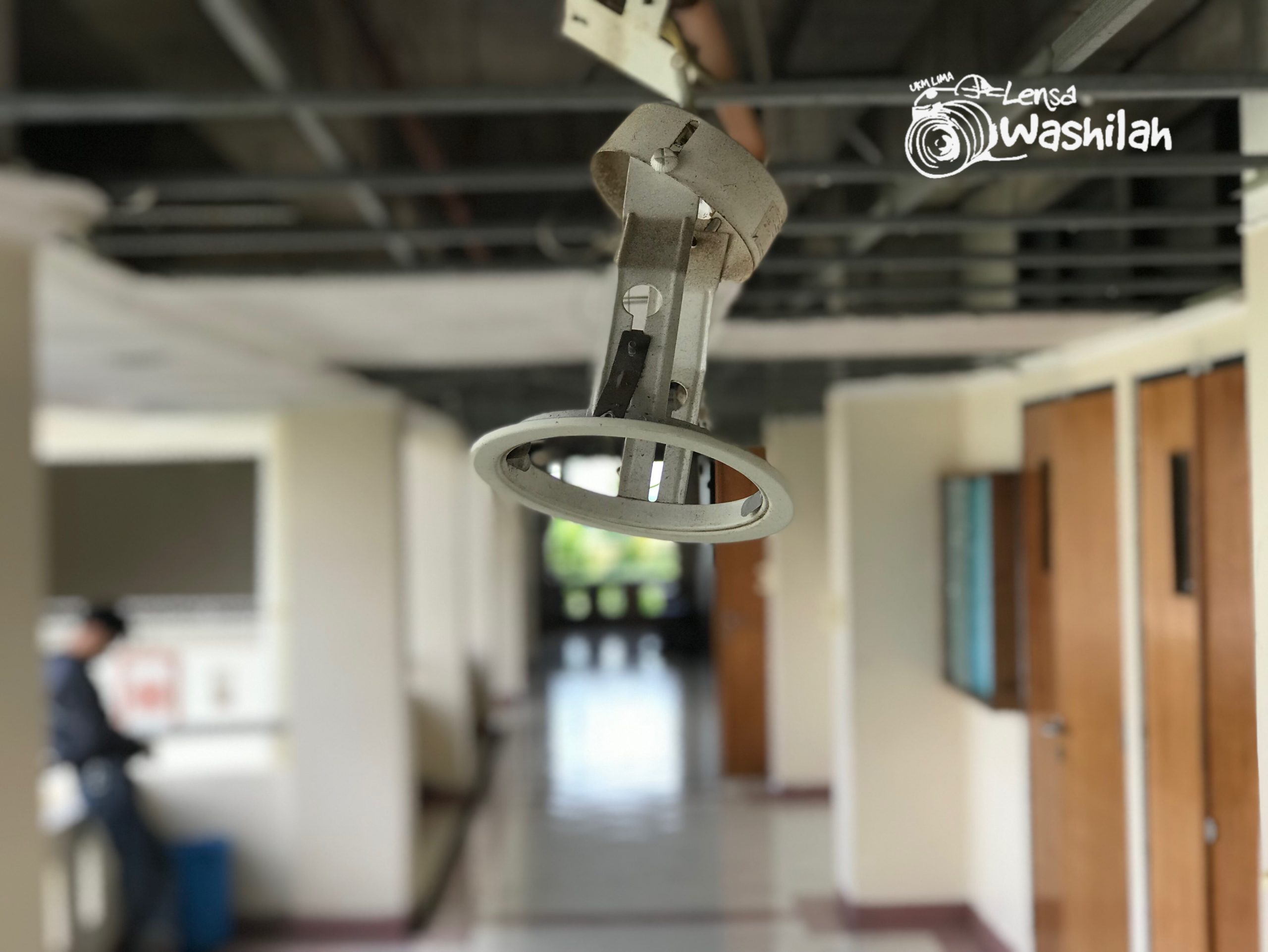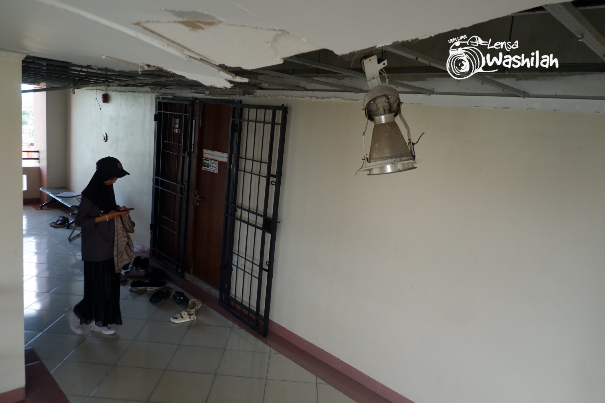 Plafon di depan Laboratorium Sejarah, Kebudayaan dan Dokumentasi yang sudah rubuh dan lampu yang meggantung karena rusak.
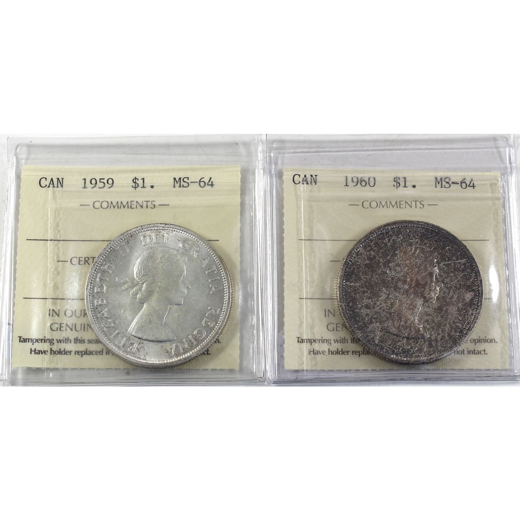 Silver $1 1959 & 1960 ICCS Certified MS-64. 2pcs
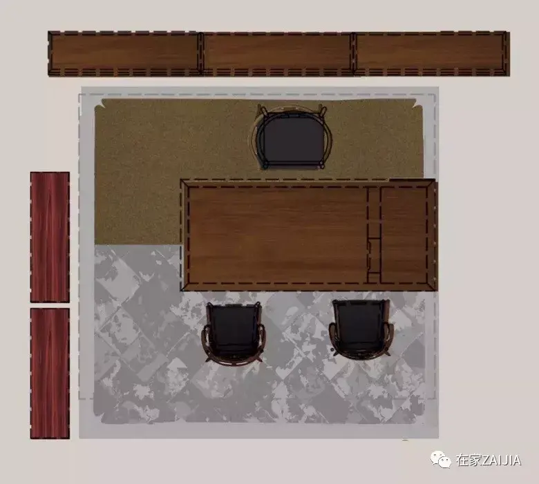 案台一般还会配置一把圈椅和扶手椅,背后配上两、三组三门大书柜,单侧配两个台案,如此搭配下来,没有个5米见方的空间完全有心无力。
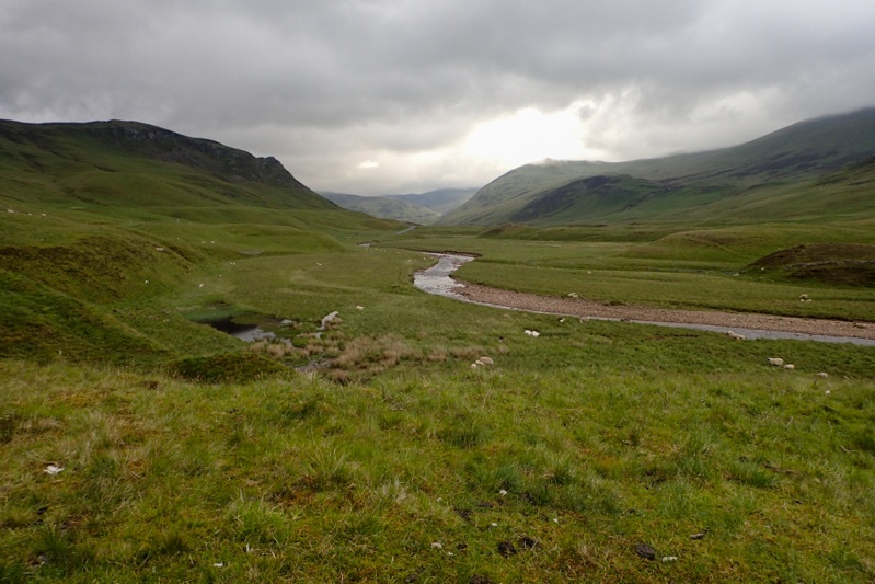 We stopped at pretty Ballater on Deeside for brunch and then crossed south over the river, following a minor road and roadsigns with Queen Victoria's profile. They don't actually advertise Balmoral on this road, you draw your own conclusions from these signs. The weather was quite changeable, cloudy then sunny and so on. It began to rain so we put on wet weather gear only to take it all off again 2km further on in bright sunlight! You can't really complain about that can you? We really loved the road we rode from Ballater until Braemar, it was so picturesque with forest all around and a gentle gradient. We came across the entrance to Balmoral on a bend and took a photo. A man on gate duty kindly came to speak to us to say we could take our bikes in with us and looked a little taken aback when I told him we weren't planning on going in as we were trying to beat the rain that was forecast for this afternoon. We stopped again at Braemar which is also a quaint village and bought food for supper. After this we followed a small single track road directly south into the headwind we knew was coming. The forest was now behind us and we were surrounded by highland heather-strewn hills. We were still following a river upstream, now the Clunies as we had followed Dee upstream all day. We had been climbing at a steady 2% gradient all day mostly and rejoined the main road to continue this climb to a height of nearly 700m. This is actually the highest point we have reached all tour so far. The road was sublime, the climb was a piece of cake, it was mainly sunny, but we had the headwind we had been due for months and kept managing to escape! I really struggled as I do going uphill into the wind and the last 10km of the day were a major countdown! We rested at the Glenshee Ski Area and reached the top of the climb just after, dropping down rapidly for about 3km until we found the perfect bush camp just along an old road with a collapsed bridge. We put the tent up rapidly as the rain was coming and jumped inside before heavy rain hit. We had arrived just in time to miss it! It was 14:45 but we had left camp this morning at 07:00, so still a full day. It had been a great day, except for the wind over the last 10km. We would highly recommend this route. We will have nearly 100km tomorrow, still south and the headwind will still be a factor. After the rain stopped we had a COLD river swim! Later in the afternoon we watched a herd of deer (and some sheep) just on the hill behind us.
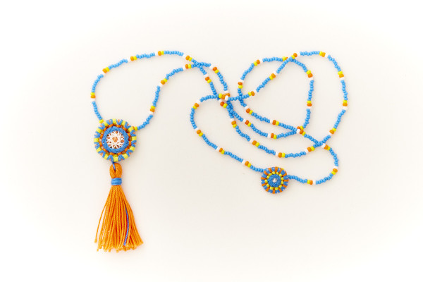 Glasperlenkette mit Posamentenknopfanhängern Gesamtlänge ca. 40 cm Knopfdurchmesser ca. 2,3 cm
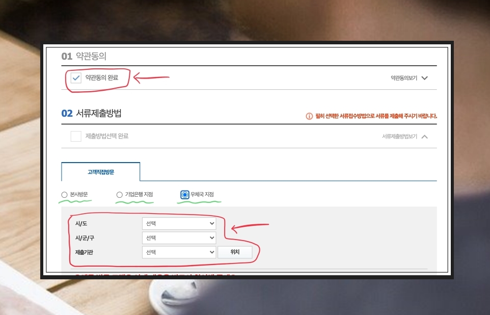 앞서 뒤로 미룬 신청서 작성에 대해 살펴보겠습니다. 공인인증서를 인터넷으로 신청하는 것은 정말 쉽습니다. 사이트에서 나타난 약관에 동의하고, 서류제출를 하기 위해 방문할 곳을 선택합니다.
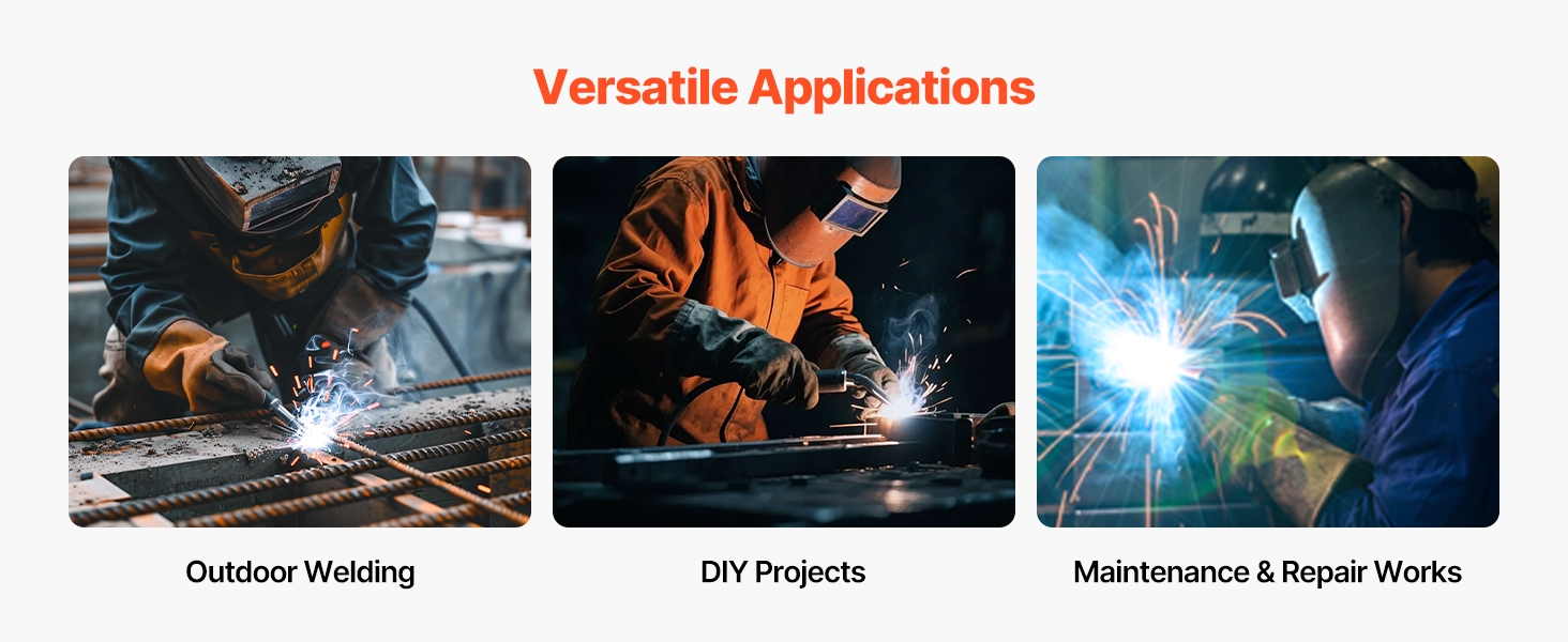 No need for shielding gas, you won’t have to worry about wind disrupting your welds during outdoor work—ideal for construction sites, metal fabrication, maintenance jobs, and DIY welding projects.
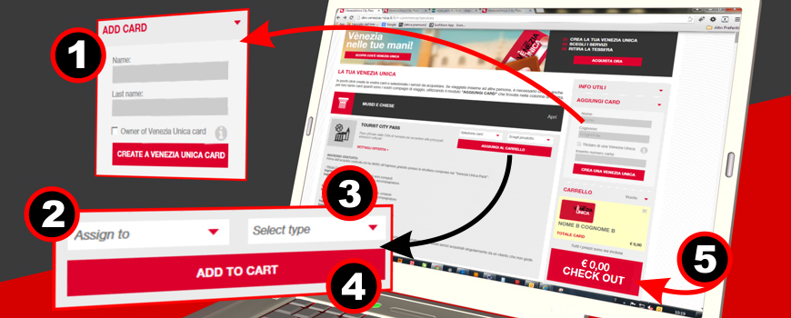 Digit your name and surname in the “Add Card” box on the right-hand column and 'create' your Venezia Unica card.
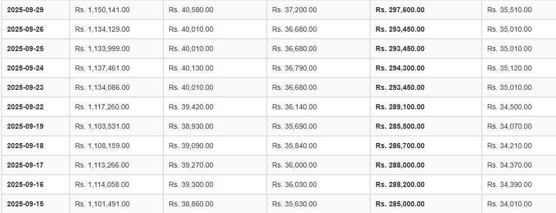 ඒ අනුව, අද දිනයට රන් අවුන්සයක මිල සටහන් වූයේ රුපියල් 1,150,141.00ක් ලෙසයි.
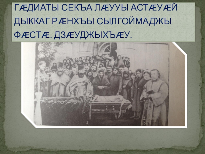 Слайд 3 ГᴁДИАТЫ СЕКЪА ЛᴁУУЫ АСТᴁУᴁЙ ДЫККАГ РᴁНХЪЫ СЫЛГОЙМАДЖЫ ФᴁСТᴁ. ДЗᴁУДЖЫХЪᴁУ.

Work item:
Please write out, word for word, each line from the one with "앞서 뒤로 미룬 신청서" to the last line of the data, keeping both ends and omitting pictures.

Written reply:
 앞서 뒤로 미룬 신청서 작성에 대해 살펴보겠습니다. 공인인증서를 인터넷으로 신청하는 것은 정말 쉽습니다. 사이트에서 나타난 약관에 동의하고, 서류제출를 하기 위해 방문할 곳을 선택합니다.
 No need for shielding gas, you won’t have to worry about wind disrupting your welds during outdoor work—ideal for construction sites, metal fabrication, maintenance jobs, and DIY welding projects.
 Digit your name and surname in the “Add Card” box on the right-hand column and 'create' your Venezia Unica card.
 ඒ අනුව, අද දිනයට රන් අවුන්සයක මිල සටහන් වූයේ රුපියල් 1,150,141.00ක් ලෙසයි.
 Слайд 3 ГᴁДИАТЫ СЕКЪА ЛᴁУУЫ АСТᴁУᴁЙ ДЫККАГ РᴁНХЪЫ СЫЛГОЙМАДЖЫ ФᴁСТᴁ. ДЗᴁУДЖЫХЪᴁУ.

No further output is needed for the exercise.